Недолго воевал Павел… Смерти, запущенной по донским хатам Троцким и Свердловым, было точно все равно, чья теперь на Верхнем Дону власть, она не хотела останавливаться. Она обошла дроздовский курень во время «расказачивания», но теперь вернулась быстро, словно оставил ей Павел в углу своей хаты кровавую приманку… Анастасия Даниловна сразу же сожгла в печке тот флаг, как сжигают в церкви отслуживший свой срок красный плат, которым вытирают губы православным после Причастия, да, видать, смерть не флаг, в огне не горит… Чуть больше недели прошло, как вспыхнуло восстание, а дроздовскую сотню разбили красные под командованием Сердинова в Вилтовом яру, у хутора Кривского. Пленных не брали.

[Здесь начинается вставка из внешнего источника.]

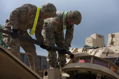 | Keywords: noble partner noblepartner army usareur u.s. army usarmy u.s. army europe usarmyeurope tanks war cannon 3id outdoor VAZIANI TRAINING AREA, Georgia — Two Soldiers assigned to 1st Battalion., 64th Armor Regiment, 1st Brigade, 3rd Infantry Division, inspect and attach a 25mm gun barrel to a Bradley Infantry Fighting Vehicle at Vaziani Training Area, Georgia, May 6, in preparation for Noble Partner 16. The exercise is scheduled to take place May 11 to 26 and will include approximately 1300 participants from the U.S., Georgia and the U.K. The exercise is a reoccurring training event that takes place at Vaziani Training Area, Georgia. Noble Partner 16 is a critical part of Georgia's training for its contribution of a light infantry company to the NATO Response Force (NRF) and enhances Georgian territorial self-defense capability. (Photo by Sgt. Daniel Cole, U.S. Army Europe Public Affairs) VAZIANI TRAINING AREA, Georgia — Two Soldiers assigned to 1st Battalion., 64th Armor Regiment, 1st Brigade, 3rd Infantry Division, inspect and attach a 25mm gun barrel to a Bradley Infantry Fighting Vehicle at Vaziani Training Area, Georgia, May 6, in preparation for Noble Partner 16. The exercise is scheduled to take place May 11 to 26 and will include approximately 1300 participants from the U.S., Georgia and the U.K. The exercise is a reoccurring training event that takes place at Vaziani Training Area, Georgia. Noble Partner 16 is a critical part of Georgia's training for its contribution of a light infantry company to the NATO Response Force (NRF) and enhances Georgian territorial self-defense capability. (Photo by Sgt. Daniel Cole, U.S. Army Europe Public Affairs) |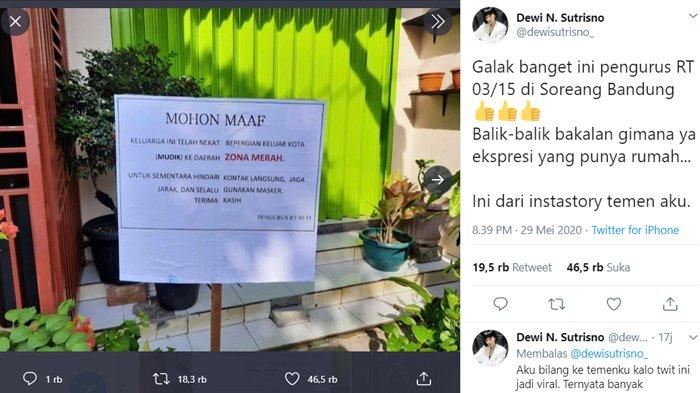 Ketika dikonfirmasi, Parno, selaku Ketua RT 03/15 Desa Gandasari Soreang Bandung membenarkan jika warga yang sudah mudik akan dipasangi papan serupa di depan rumahnya.

В сумерках у ворот заржал конь.
— Павел! — воскликнула Марья и бросилась, не одеваясь, на двор.
Оседланный, покрытый пеной конь бил у плетня копытом, но на нем никого не было… Марья села в сугроб.
— Вот и пришла смертушка твоя, ненаглядный сокол мой! — завыла она.
— Ты погоди, погоди, — торопливо забормотала, подбежав к ней, Анастасия Даниловна, — ты разве знаешь, что там у них? Кубыть, спешиться пришлось. Грех это — раньше времени причитать!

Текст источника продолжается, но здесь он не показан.